When you maintain many actions, this adds up. Every release becomes a checklist.


The Solution: Unified Release Pipeline

One workflow handles everything:

name: Release Pipeline

on:
  push:
    branches: [main]

jobs:
  release-please:
    # Creates release PRs, bumps versions, generates changelogs

  detect-changes:
    # Determines what actually changed

  build-go:
    # Cross-compiles binaries (only on release)

  upload-release-assets:
    # Attaches binaries to GitHub release

  build-docs:
    # Deploys versioned docs with mike

The key insight: run jobs only when needed. Most pushes don't need binary builds. But docs-only changes still need the dev docs updated.


Change Detection

detect-changes:
  steps:
    - uses: tj-actions/changed-files@v45
      with:
        files_yaml: |
          docs:
            - docs/**
            - mkdocs.yml
          go:
            - '**.go'
            - go.mod
            - go.sum

This outputs docs_any_changed and go_any_changed for downstream jobs to consume.

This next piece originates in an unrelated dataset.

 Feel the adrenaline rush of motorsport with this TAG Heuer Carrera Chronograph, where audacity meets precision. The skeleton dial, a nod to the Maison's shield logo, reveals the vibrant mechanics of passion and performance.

Versioned Documentation with Mike

The build-docs job makes a key decision:

- name: Deploy versioned docs
  if: needs.release-please.outputs.release_created == 'true'
  run: |
    mike deploy --push --update-aliases \
      ${{ steps.version.outputs.version }} \
      ${{ steps.version.outputs.alias }} latest

- name: Deploy dev docs
  if: needs.release-please.outputs.release_created != 'true'
  run: mike deploy --push dev

On release: deploy 1.2.3 with aliases v1 and latest. On regular push: update dev only.

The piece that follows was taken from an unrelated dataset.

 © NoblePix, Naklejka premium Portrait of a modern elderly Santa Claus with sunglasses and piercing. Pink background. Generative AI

Users linking to /v1/ always get the latest 1.x docs. Users on /dev/ see the bleeding edge.


Release-Please Configuration

{
  "include-v-in-tag": true,
  "packages": {
    ".": {
      "release-type": "go",
      "component": "readability",
      "include-component-in-tag": false
    }
  }
}

Commits drive the release. feat: bumps minor. fix: bumps patch. feat!: bumps major.


The Result

Zero Manual Steps

Push, merge, release. Everything else is automated.

Push a fix to main:

  1. Release-please opens a PR with changelog and version bump
  2. Merge the PR
  3. Release-please creates the GitHub release and tag
  4. Binary builds run in parallel (5 platforms)
  5. Binaries attach to the release
  6. Versioned docs deploy with proper aliases

Zero manual steps. Consistent every time.


What This Enables

With this infrastructure in place:

  • Version matching works - Docs match the action version in use
  • Work ships fast - No waiting for manual releases
  • It scales - Same pattern across all actions

The readability action is at adaptive-enforcement-lab/readability with docs at readability.adaptive-enforcement-lab.com. The workflow pattern is documented at Versioned Documentation.



Ship actions like you ship software. Automate the boring parts.